DATA SECTION:
────────────────

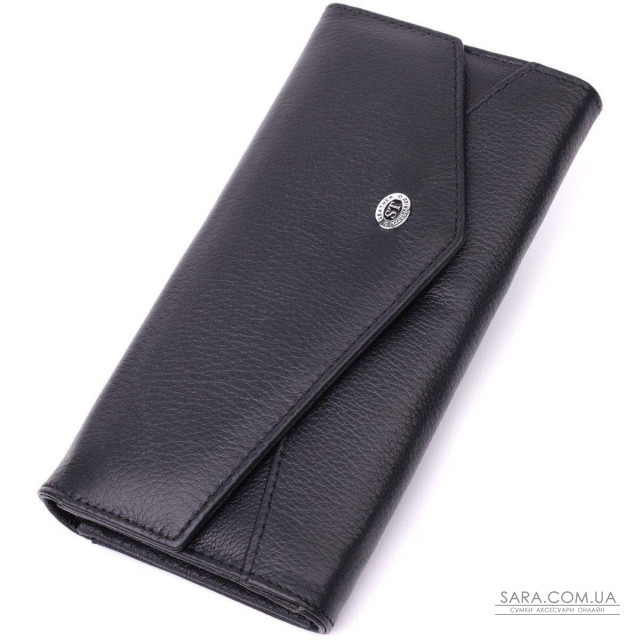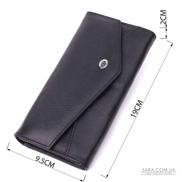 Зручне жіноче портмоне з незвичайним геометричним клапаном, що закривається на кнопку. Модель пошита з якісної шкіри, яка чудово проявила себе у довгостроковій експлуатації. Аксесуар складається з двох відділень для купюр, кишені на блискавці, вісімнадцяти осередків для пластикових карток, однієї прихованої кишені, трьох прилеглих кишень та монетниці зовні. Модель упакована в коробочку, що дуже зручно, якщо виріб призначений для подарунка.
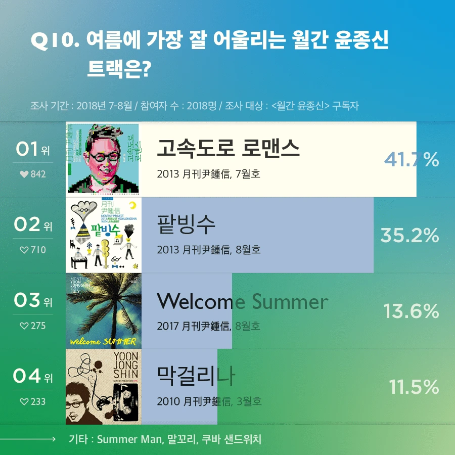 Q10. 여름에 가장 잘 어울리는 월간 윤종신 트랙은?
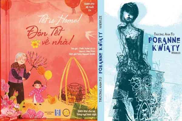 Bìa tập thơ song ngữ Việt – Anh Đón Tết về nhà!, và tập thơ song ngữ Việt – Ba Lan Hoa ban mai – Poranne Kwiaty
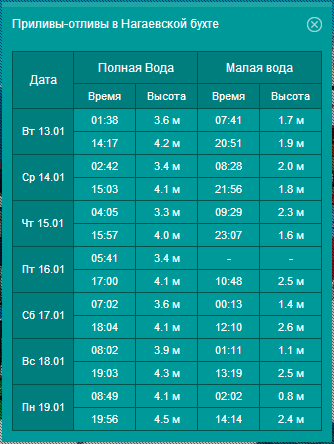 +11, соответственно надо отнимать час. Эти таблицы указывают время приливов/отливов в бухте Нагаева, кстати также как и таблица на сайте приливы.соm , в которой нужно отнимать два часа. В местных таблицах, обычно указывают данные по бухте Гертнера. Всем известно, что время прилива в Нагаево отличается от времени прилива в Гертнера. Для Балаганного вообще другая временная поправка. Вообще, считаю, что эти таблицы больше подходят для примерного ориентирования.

────────────────

PROBLEM DETAILS: In the data above, take the line with "Q10. 여름에 가장 잘 어울리는 월간 윤종신 트랙은?", the line with "Bìa tập thơ", and every line between, and set them down exactly without pictures.

ANSWER TO THE EXERCISE:
 Q10. 여름에 가장 잘 어울리는 월간 윤종신 트랙은?
 Bìa tập thơ song ngữ Việt – Anh Đón Tết về nhà!, và tập thơ song ngữ Việt – Ba Lan Hoa ban mai – Poranne Kwiaty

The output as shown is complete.